Presumably, this process takes place at distances from the surface of the adjacent osteoblast ranging from zero to some tens of nanometers since the mineralization process occurs over many hours to days subsequent to formation of the osteoid, while the osteoblast continues to lay down further osteoidal collagen [34].

As noted earlier, about 10–15% of the volume of the bone is composed of disordered material. Presumably, the scaffold which was mineralized to generate this material was a disordered (randomly oriented) region of collagen fibrils, similar to the collagen fibrils present in the disordered regions seen in [28]. Thus, the disordered character of these regions was inherited from the initial collagen assembly process and is not due to anomalous mineralization processes.

Conclusions

Construction of large-scale (tens of µm2) composite images of orthogonal sections of cortical bone has afforded us novel insights into its ultrastructural organization, formation, and mechanical integrity. We have observed several features not previously recognized in bone, most notably: (1) a superstructure of rosette-like clusters surrounded by mineral lamellae with chaotic fibril-free mineral lamellae inside of each rosette, (2) the presence of a hierarchical set of curved mineral lamellae, in addition to those already known to surround the fibrils, which may contribute to strengthening the bone matrix, (3) a clearer definition of the alternation of osteonal lamellae showing abrupt, rather than gradational, change in the orientation of mineral lamellae and associated fibrils at their interfaces. None of these features would have been recognizable in the previous generation of bright-field images.
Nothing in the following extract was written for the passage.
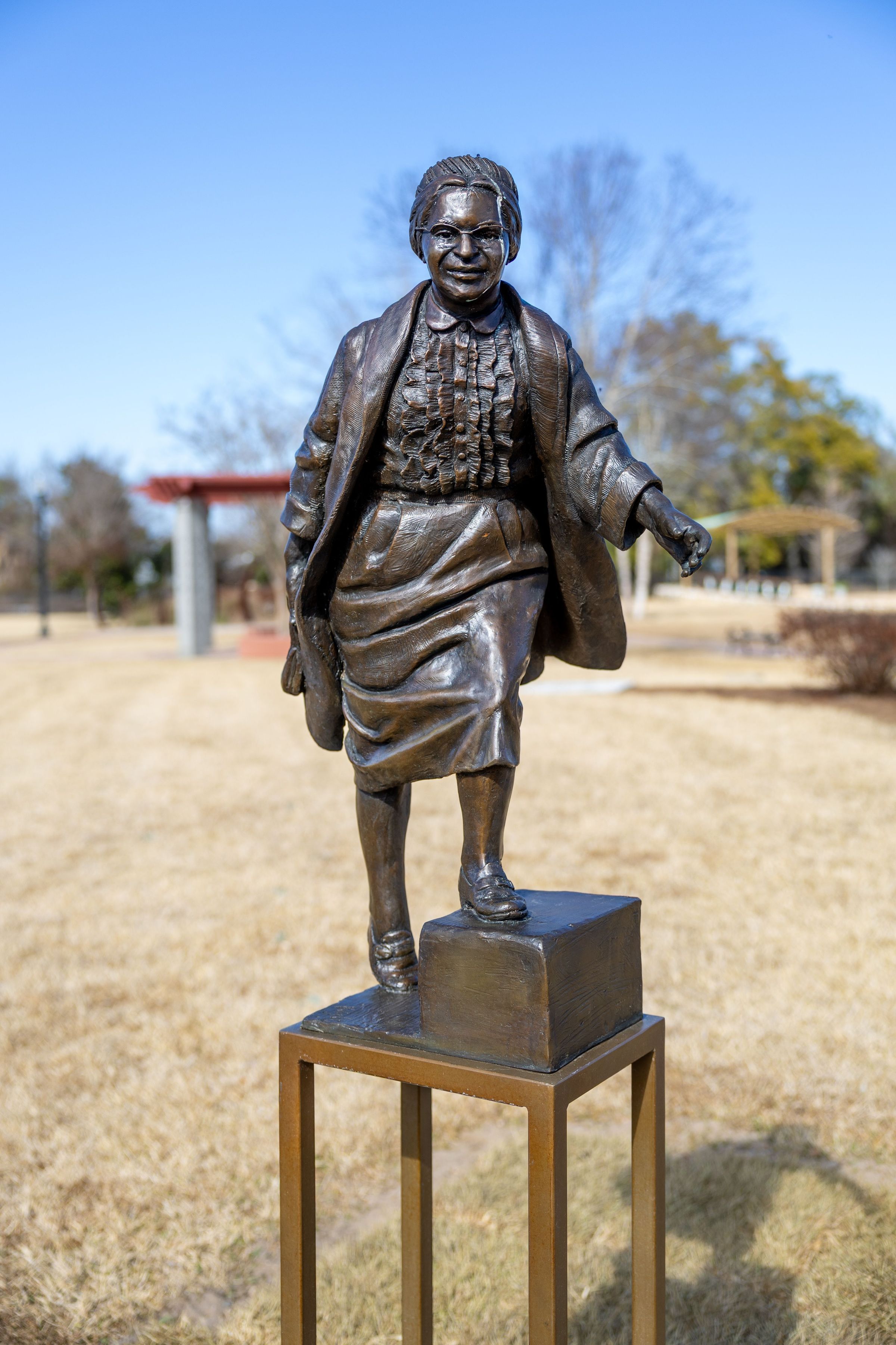Rosa Parks mid step on an open rectangular base
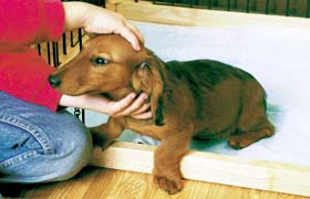 子犬がやって来た日、そっとしておくと言う人もいますが、子犬は不安でたまりません。こんな時だからこそ、抱っこしてあげたり、優しくなでてコミュニケーションをとりましょう。一番不安な眠るときに、一緒にいてあげることで、子犬は飼い主を信頼し、より早く家族にも慣れ親しむはずです。 |

This paper also confirms previous studies [11] showing that the appearance of bone in sections cut using ion milling methods reveals structures that were not detectable in microtome-cut sections. In particular, the present work shows that the same volume of a long bone viewed in a section parallel to the long axis of the bone is strikingly different in appearance from a section cut perpendicular to that axis. The latter sections invariably display an open meshwork of cross-sections of fibrils surrounded by enveloping polycrystalline plates of apatite. Contrary to a statement in a recent paper by Shahar and Weiner [35], this pattern is not “…confined to localized areas outside… ordered material” but is rather present everywhere in a section cut in the appropriate orientation.

The present study allows us to see how the nanometer-scale features of the mineralized collagen scaffold, previously observed only at the scale of tens of nm, can be extended to a µm-scale and, by extension, over the entire volume of bone. The higher resolution and compositional contrast of the HAADF images in this paper clarifies many of the details of this nanometer-scale structure which will eventually lead to a better understanding of how bone is formed.